The risk for depression markedly rises during the 5-6 years leading up to the cessation of menstruation, known as the menopause transition. Exposure to extreme estradiol levels may help explain this increase but few studies have examined individual sensitivity to estradiol in predicting perimenopausal depression.
The current study recruited 101 perimenopausal women. During Phase 1, we quantified each woman’s sensitivity to changes in estradiol using 12 weekly measures of estrone-3-glucuronide (E1G), a urinary metabolite of estradiol, and concurrent depressive symptoms. The weekly cortisol awakening response was measured to examine the hypothalamic-pituitary-adrenal (HPA) axis in mediating mood sensitivity to estradiol. In Phase 2, depressive symptoms and major depression diagnoses were assessed monthly for 9 months. The relationship between Phase 1 E1G sensitivity and Phase 2 depressive symptoms and major depressive episodes was examined. Several baseline characteristics were examined as potential moderators of this relationship.

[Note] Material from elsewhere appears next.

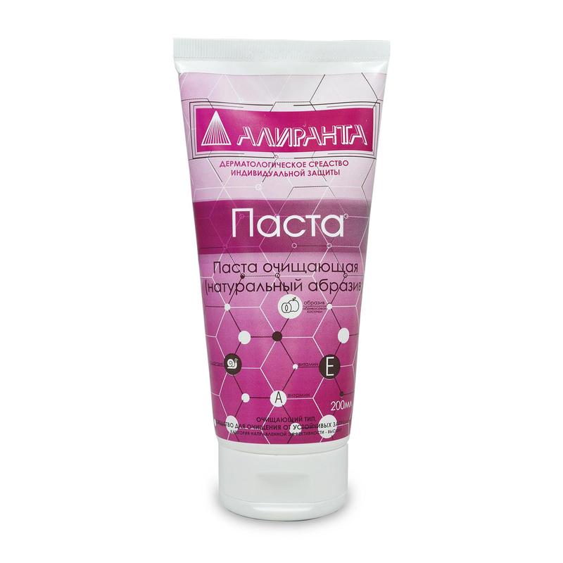 Паста очищающая Алиранта для рук и лица с натуральным абразивом 200 мл. Очищает кожу от сильных промышленных и бытовых загрязнений (масел, смазок, сажи, красок, лаков, смол, клеев, битума, мазута, силиконов, пыли, графита, нефтепродуктов, жира, цемента, извести и т.д.). Входящая в состав пасты абрикосовая косточка, способствует эффективной и бережной очистке кожи. Натуральные абразивы - абрикосовая косточка и древесная мука, содержащиеся в пасте, эффективно и мягко очищают кожу от въевшейся грязи. Ксантановая камедь облегчает удаление трудносмываемых загрязнений. Содержание в составе пасты кокосового масла питает, смягчает, увлажняет и восстанавливает кожу, препятствует возникновению трещинок, шелушений и раздражений. Аллантоин способствует заживлению поврежденных тканей. Витамины А и Е являются уникальными природными соединениями, которые оказывают антиоксидантное, омолаживающее и противовоспалительное воздействие на кожу.Объем - 200 мл.Соответствует стандартам ГОСТ 31696-2012, ГОСТ Р 12.4.301-2018, ТР ТС 019/2011.

The within-person correlation between weekly E1G and mood varied greatly from woman to woman, both in strength and direction. Phase 1 E1G mood sensitivity predicted the occurrence of clinically significant depressive symptoms in Phase 2 among certain subsets of women: those without a prior history of depression, reporting a low number of baseline stressful life events, and reporting fewer months since their last menstrual period. HPA axis sensitivity to estradiol fluctuation did not predict Phase 2 outcomes.
Mood sensitivity to estradiol predicts risk for perimenopausal depression, particularly among women who are otherwise at low risk and among those who are early in the transition.